Suppose I have following data.frame
:
test <- data.frame(id = c(rep(1,6), rep(2,3)),
monthYear = c("Dec16","Nov16","Oct16","Dec16","Nov16","Oct16","Dec16","Nov16","Dec16"),
color = c(rep("black", 4),rep("red",2),rep("black", 2),"red"),
quantity = c(1:9))
which results in this data.frame:
> test
id monthYear color quantity
1 1 Dec16 black 1
2 1 Nov16 black 2
3 1 Oct16 black 3
4 1 Dec16 black 4
5 1 Nov16 red 5
6 1 Oct16 red 6
7 2 Dec16 black 7
8 2 Nov16 black 8
9 2 Dec16 red 9
For each unique id
I need to create a subset of color
by monthYear
, where each monthYear is placed as a new column and quantity is aggregated accordingly:
library("reshape")
for (i in unique(test$id)) {
subsetTest <- aggregate(cbind(quantity) ~ monthYear + color,
data = test[test$id==i,],
sum)
subsetTestColumns <- reshape(subsetTest,
timevar=as.character("monthYear"),
idvar="color",
direction="wide")
names(subsetTestColumns)[-1]<-as.character(unique(subsetTest$monthYear))
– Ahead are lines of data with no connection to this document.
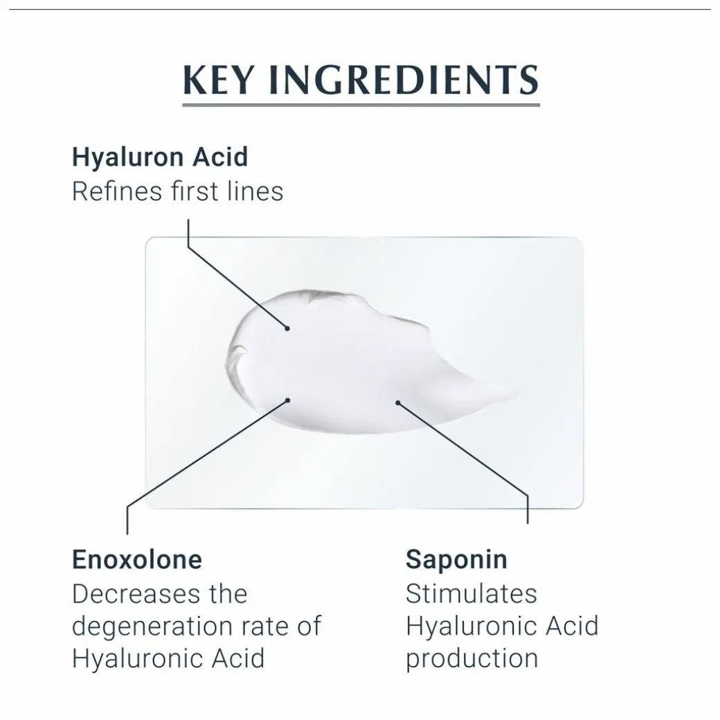 The rich but melting cream effectively targets all types of wrinkles using a duo of hyaluronic acid, which helps retain moisture in the skin and fill out fine lines and wrinkles, while bio-active glycine-saponin actively increases the skin’s own hyaluronic acid production.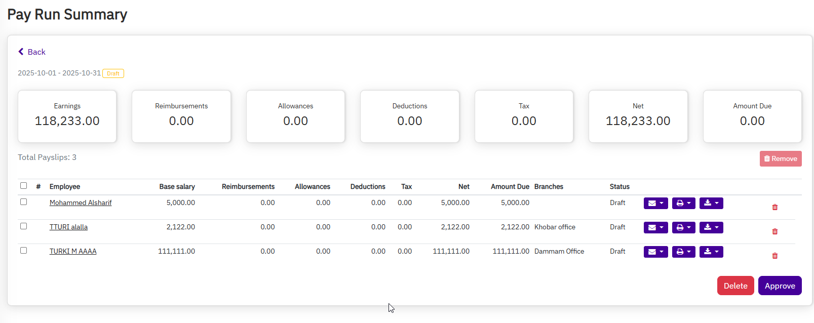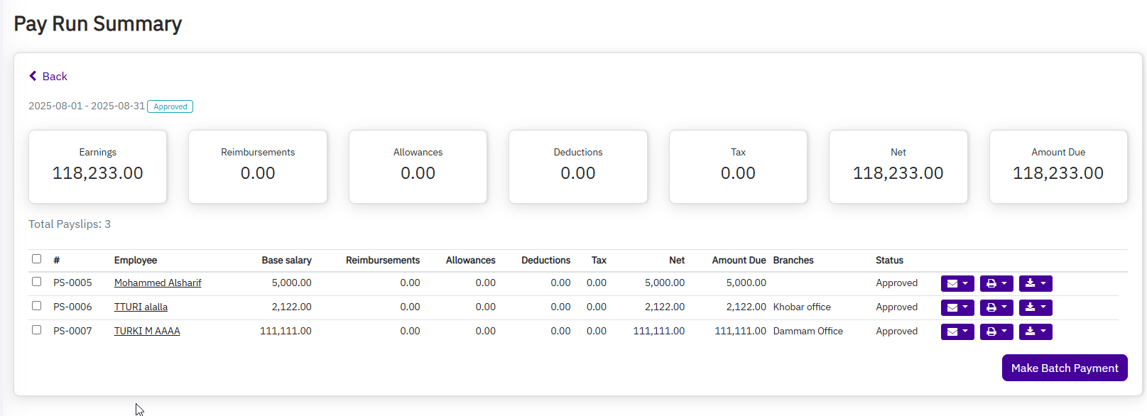 Note: Once the payroll run is approved, it will receive a sequential number in the payslips and affect the accounts accordingly.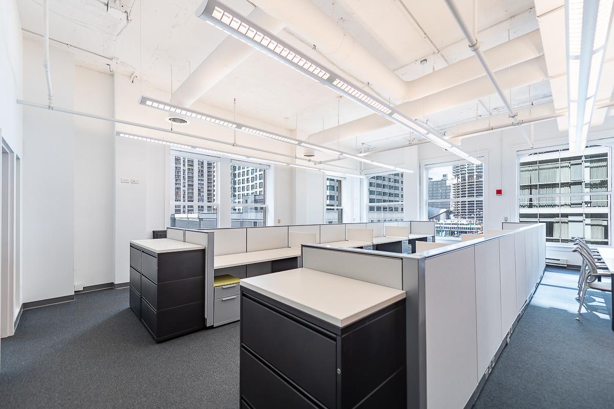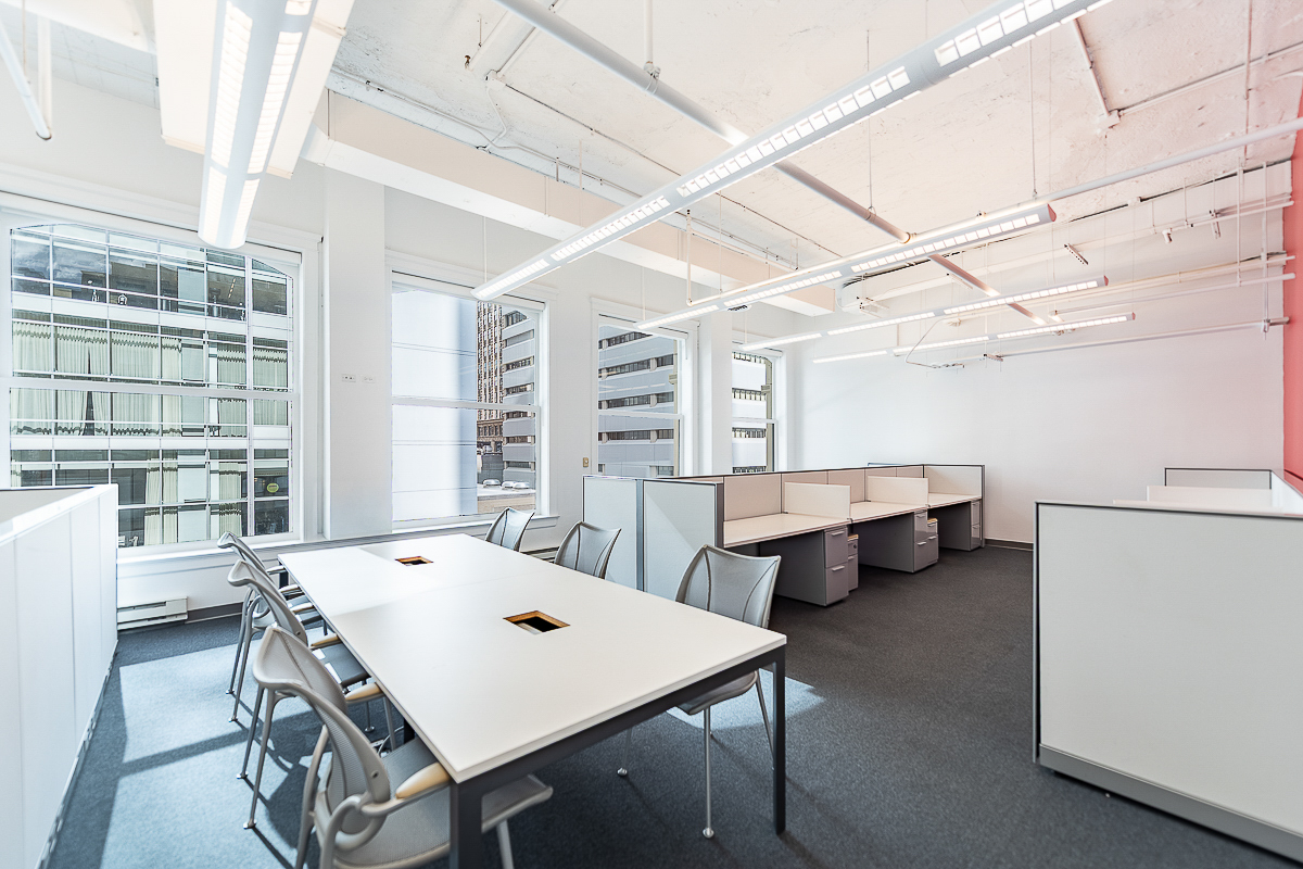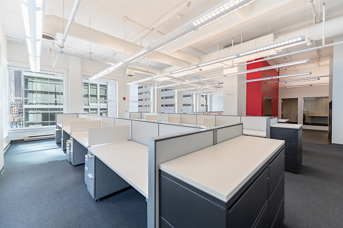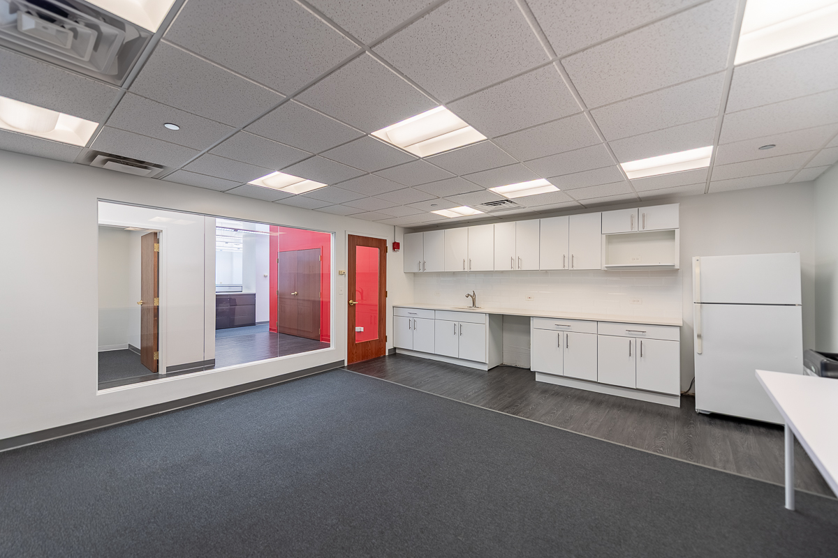 Suite 404 features a well-planned layout featuring five (5) private offices, a large kitchen, two (2) restrooms, and a spacious open workspace ideal for collaboration.

subsetTestColumns[is.na(subsetTestColumns)]<-0
# Reorder by column name (just in case)
subsetTestColumns[c("color", "Dec16", "Nov16","Oct16")]
### Do something with the resulting data.frame
}
For the first Id, the output is as expected:
> subsetTestColumns
color Dec16 Nov16 Oct16
1 black 5 2 3
4 red 0 5 6
However, the loop
fails for id=2 because there are not complete cases (Oct16 does not exist at all). Note that the structure of the resulting data.frame has to be exactly [color, Dec16, Nov16, Oct16]
I probably could check (before naming the monthYear columns) if all of the three monthYears exist, and if not, create them manually. But somehow, I do not feel comfortable with this way.
I assume, that the best way to prevent the error would be adding the missing observations with zero quantities. Therefore, after creating the subsetTest
data.frame with the aggregate
function, I get following structure for id=2:
monthYear color quantity
1 Dec16 black 7
2 Nov16 black 8
3 Dec16 red 9
In my opinion, adding 0 quantity to black for Oct16, and 0 quantity to red for Nov16 and Oct16 seems the more logic way to resolve the problem. Can you light me up on how to achieve this, taking into consideration that the original data has more than 100 ids and in each case the missing observations would be totally different?